- Task to complete:
Each line below from the line with "煮汁とは別に、すいとん生地を熱湯でゆでおくのがポイント。" to the line with "A box of vintage" must be copied exactly, including those two, and no picture may appear in the copy.

- Task inputs:
>>

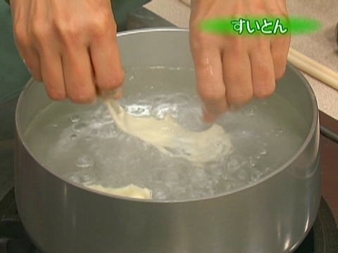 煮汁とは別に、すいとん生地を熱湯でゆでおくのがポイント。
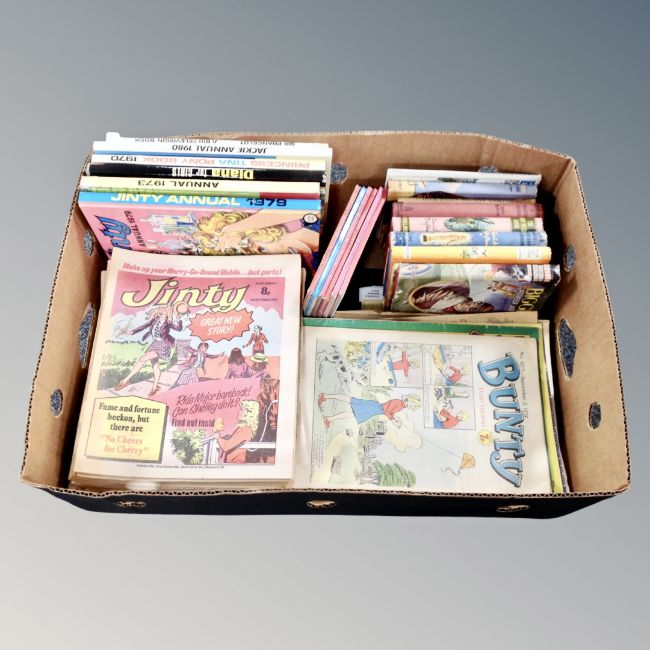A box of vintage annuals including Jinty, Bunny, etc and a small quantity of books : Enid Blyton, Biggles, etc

<<
>>

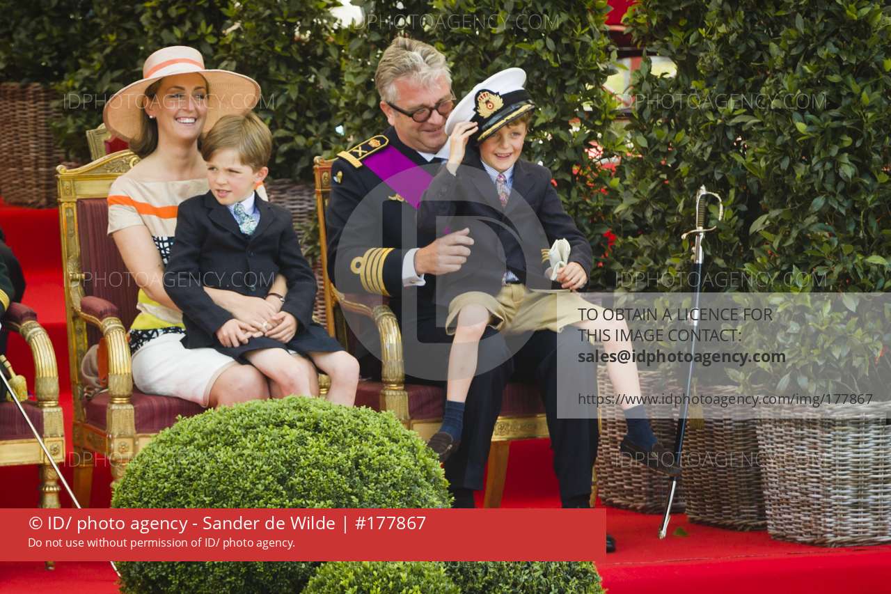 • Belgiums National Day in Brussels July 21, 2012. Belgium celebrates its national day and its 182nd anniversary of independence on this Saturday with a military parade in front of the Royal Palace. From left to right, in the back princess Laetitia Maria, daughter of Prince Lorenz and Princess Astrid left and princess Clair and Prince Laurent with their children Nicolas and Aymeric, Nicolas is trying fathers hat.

<<

- Your solution:
 煮汁とは別に、すいとん生地を熱湯でゆでおくのがポイント。
A box of vintage annuals including Jinty, Bunny, etc and a small quantity of books : Enid Blyton, Biggles, etc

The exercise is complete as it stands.